March 27, 2018 1:39 PM
Glen Schmidt

The energy sector has too often made a bad assumption; focusing on politicians and opponents as intermediaries to garner public support. A better choice would be active, broad, regular and direct engagement with the public. Who better than the public, as the counter party to energy, who receives its benefits and can directly agree with balancing the impacts, it’s the public that is the best choice to engage.

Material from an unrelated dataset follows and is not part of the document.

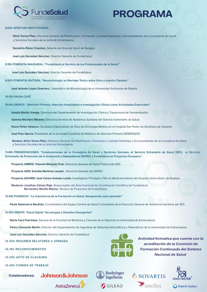 El 26 de junio de 2025 celebramos la II Jornada  sobre Investigación, Innovación y Formación en Salud (IIFSalud 2025), que este año congregará en el Palacio de congresos de Mérida a un sobresaliente panel de ponentes y expertos que forman parte de un atractivo programa. Están invitados a asistir y participar en la Jornada IIFSalud 2025 todos los profesionales sanitarios interesados en asuntos tan importantes como los estudios clínicos, en los proyectos de investigación e innovación en salud, en el potencial de la formación o en las posibilidades que la digitalización aporta a la salud.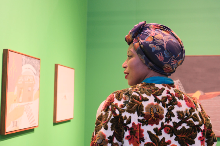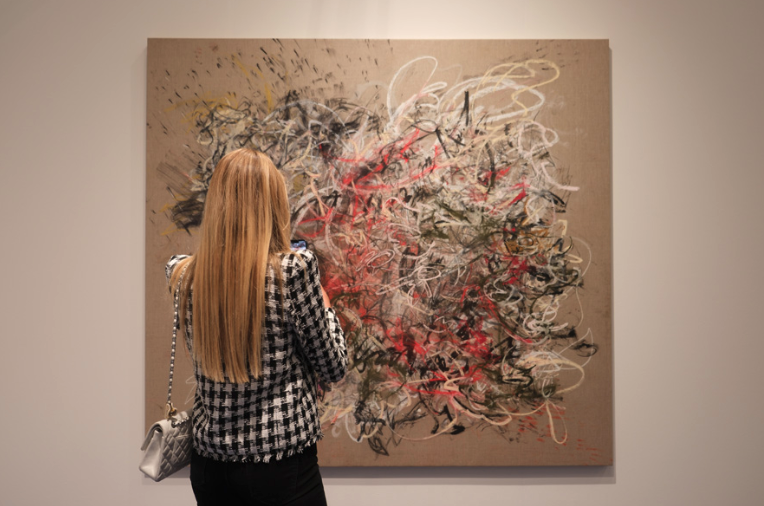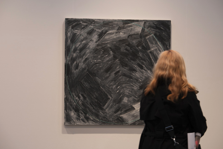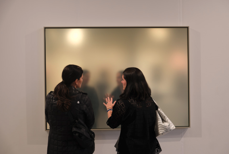 A Frieze attendee stands before art. Photo by Jamie Lubetkin

In political contests political parties benefit by attracting marginal voters, those single issue voters, who may change support on that single issue. Dr. Thomas Sowell, Economist at Stanford University, notes all politicians oppose special interests, those that support their opponent, while they embrace supporters who embrace them. Supply management in Canada is a voting block that in particular is an example of special interests accruing benefits that harm all others but receive these benefits by being astute in applying political pressure. In the US, the NRA is a current extreme case.

The energy sector has made the mistake of repeatedly seeking ENGO support. ENGO’s have skillfully played the energy sector with ever increasing demands, but with no compromise. Tzeporah Berman, the ex-Co-Chair of the oil sands advisory council, who post the establishment of the Alberta Carbon Tax and Carbon cap, resigned as co-chair, to continue to oppose pipelines, a poster child and example of negotiate, take what’s offered, then demand more.

The Pembina Institute is another example who often declares neutrality, yet always opposes the energy sector in public releases. During the Royalty review Pembina advocated for harsh terms. As BC moves to LNG, Pembina opposes exports. These two examples of many show how the energy sector has been wasting their efforts and has forgone the natural partnership with the public.

The public, who looks for outside information, becomes confused where the industry and government have legitimized positions and claims by ENGO’s vs. opposing them. The sad examples of claims on the Trans Mountain pipeline that it is unsafe, tankers materially put the coast at risk, dilbit is dangerous, are nonsense. Yet the industry and governments have allowed such misinformation to be legitimized by legitimizing the ENGO’s who spread the misinformation.

An emerging example is methane regulation, of course only targeting the energy sector. Legitimizing environmental defence as some neutral party has led to the federal liberal’s and Alberta NDP to pandering both to the special interest and legitimizing the direct foreign interference of a foreign ENGO in the design of a Canadian policy. As Dr. Tombe an economist at the University of Calgary has noted, the volume targeting of ENGO designs is bad policy. Applying the value of mitigation as the governor of the costs of a policy, is disregarded by environmental defence who prefers targets which are a form of taxation without control. In the case of methane regulation estimates are $125/tonne CO2 equivalent for environmental defence’s view of handicapping Canadian energy, well above the carbon tax level set at $50/tonne, this is simply not reasonable.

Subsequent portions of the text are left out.